Étape 3 : première fermentation. Trente minutes à 28 °C sous film. C’est le moment de préparer la garniture : dés de jambon Pata Negra et copeaux de Manchego. Étape 4 : rabattage. Dégazez doucement, ajoutez la garniture en pluie, repliez sans trop travailler pour ne pas chauffer le gras.

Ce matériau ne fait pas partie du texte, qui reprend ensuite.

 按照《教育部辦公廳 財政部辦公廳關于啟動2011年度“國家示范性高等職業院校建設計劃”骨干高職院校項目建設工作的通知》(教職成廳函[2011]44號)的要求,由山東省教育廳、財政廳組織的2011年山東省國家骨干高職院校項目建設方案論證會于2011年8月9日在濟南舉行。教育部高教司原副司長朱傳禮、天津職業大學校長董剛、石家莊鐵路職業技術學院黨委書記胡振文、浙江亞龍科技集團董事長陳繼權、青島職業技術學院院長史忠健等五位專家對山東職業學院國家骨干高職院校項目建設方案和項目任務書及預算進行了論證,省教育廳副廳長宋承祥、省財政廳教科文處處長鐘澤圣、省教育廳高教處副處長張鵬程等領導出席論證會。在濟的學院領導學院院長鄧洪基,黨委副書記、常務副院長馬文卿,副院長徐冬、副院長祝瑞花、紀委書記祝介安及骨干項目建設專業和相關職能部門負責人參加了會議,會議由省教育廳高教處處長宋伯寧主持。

Étape 5 : deuxième pousse. Quinze minutes supplémentaires à 24 °C. Une pâte plus froide obligerait à un temps de friture plus long, synonyme d’absorption excessive. Pendant cette attente, organisez votre poste : une huile à 170 °C, une écumoire percée large, un papier absorbant et, si vous suivez la méthode du chef Miranda, un ventilateur de comptoir pour cisailler l’odeur de friture et améliorer le confort sensoriel en salle.

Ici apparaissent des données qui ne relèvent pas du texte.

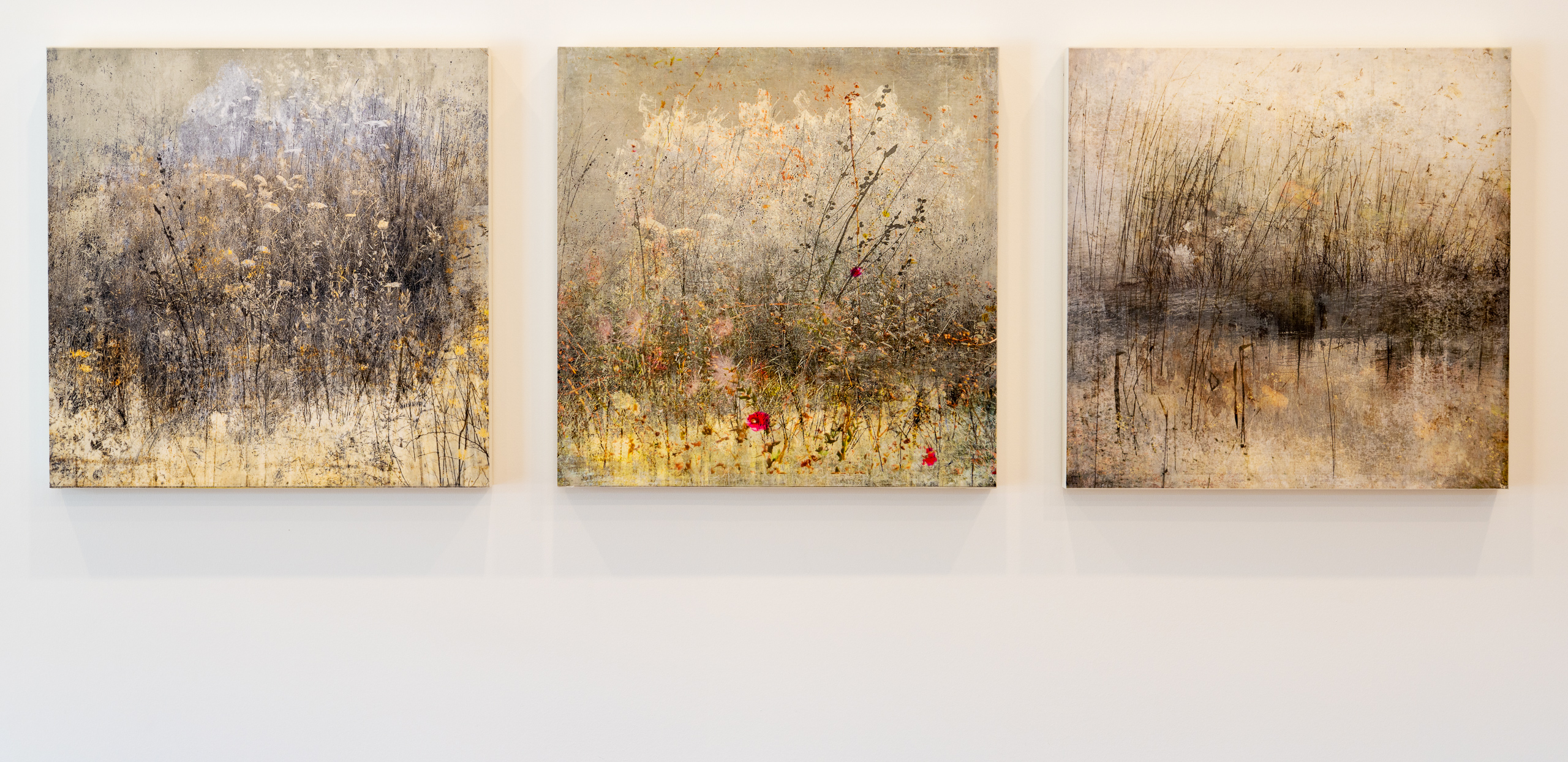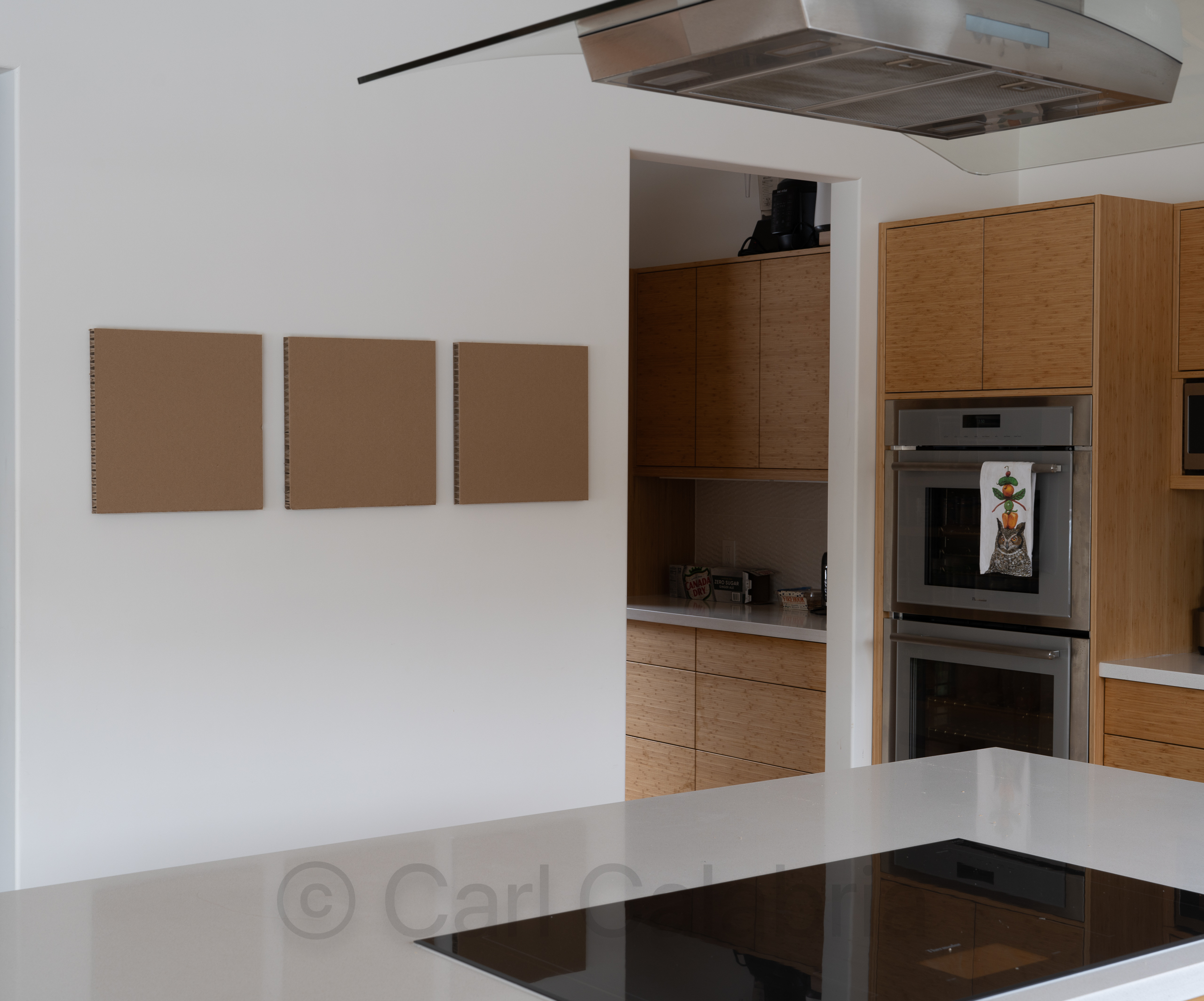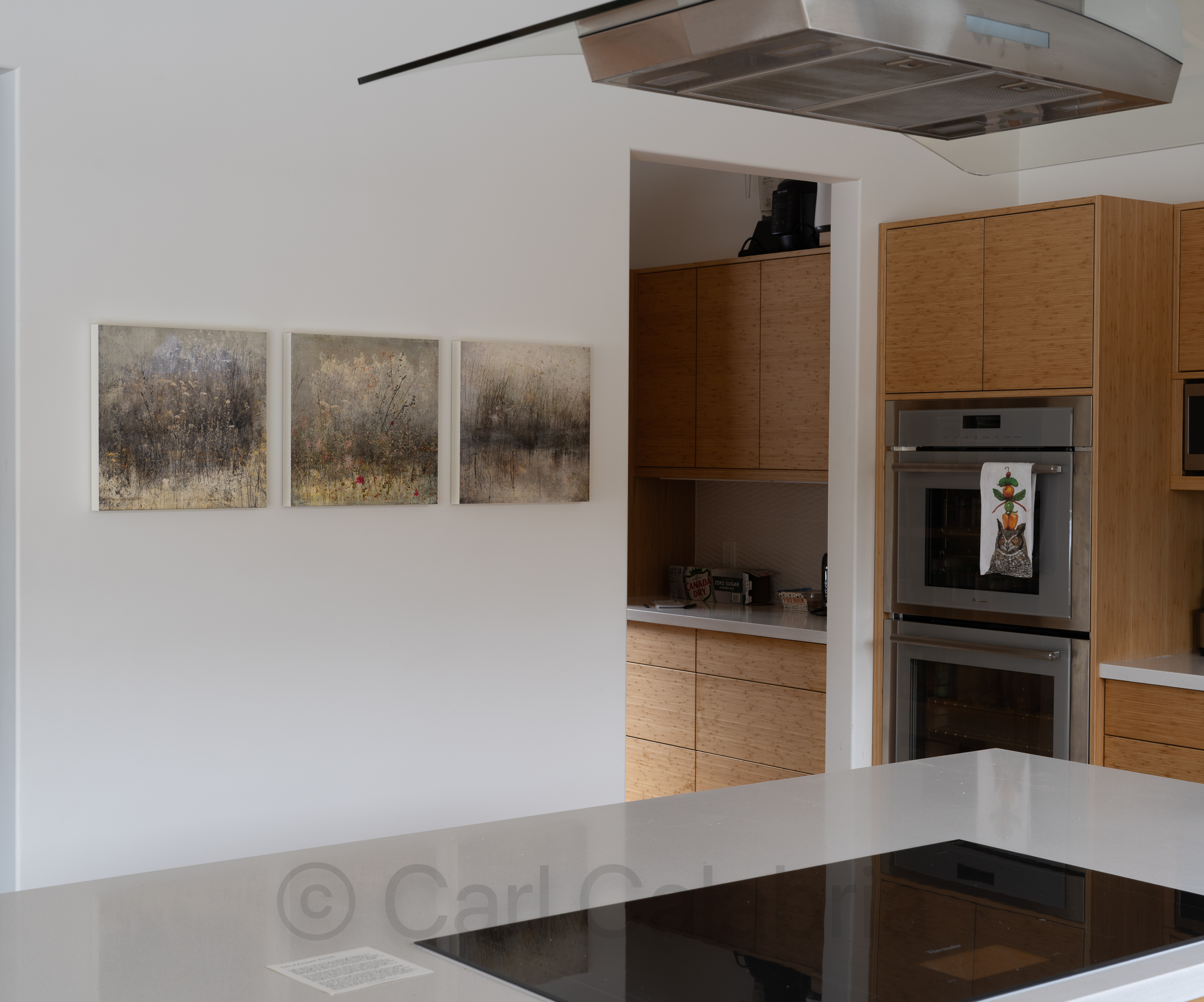 Ever since we completed the River House, Jeanine and I have struggled to select artwork that we can both agree on. Today, Jeanine suggested we get out of the house for an adventure, and I reluctantly agreed to visit several local art galleries. When we entered the Three Stones Gallery in downtown Concord, we were both immediately drawn to the works of local artist Joan Kocak. Kocak creates her art using encaustic photography, a process in which layers of beeswax and resin are fused onto a photographic image with a blowtorch, creating both texture and a durable seal. The scenes in the collection we purchased are from the Great Brook State Park, located one town over in Carlisle. Before mounting them in our kitchen, I used cardboard stand-ins to refine placement and spacing.

Étape 6 : façonnage. Utilisez deux cuillères trempées dans l’eau pour former des quenelles de 20 g. Cette taille garantit un cœur chaud en quatre minutes. Jetez-les, par groupe de six, dans la cuve. Dès qu’un beignet remonte, retournez-le pour éviter le marquage asymétrique.
Surveillance thermique : un graphique du centre Culitek démontre qu’à 170 °C, le gradient interne atteint 72 °C au bout de 210 secondes, seuil idéal pour fondre le fromage sans « griller » le sel nitrité du jambon. Au-delà, la croûte brunit excessivement, libérant des notes amères de furane. Égouttez, puis laissez reposer deux minutes : l’amidon se rétracte, la croûte se durcit, et la bouche profite d’un crunch prolongé.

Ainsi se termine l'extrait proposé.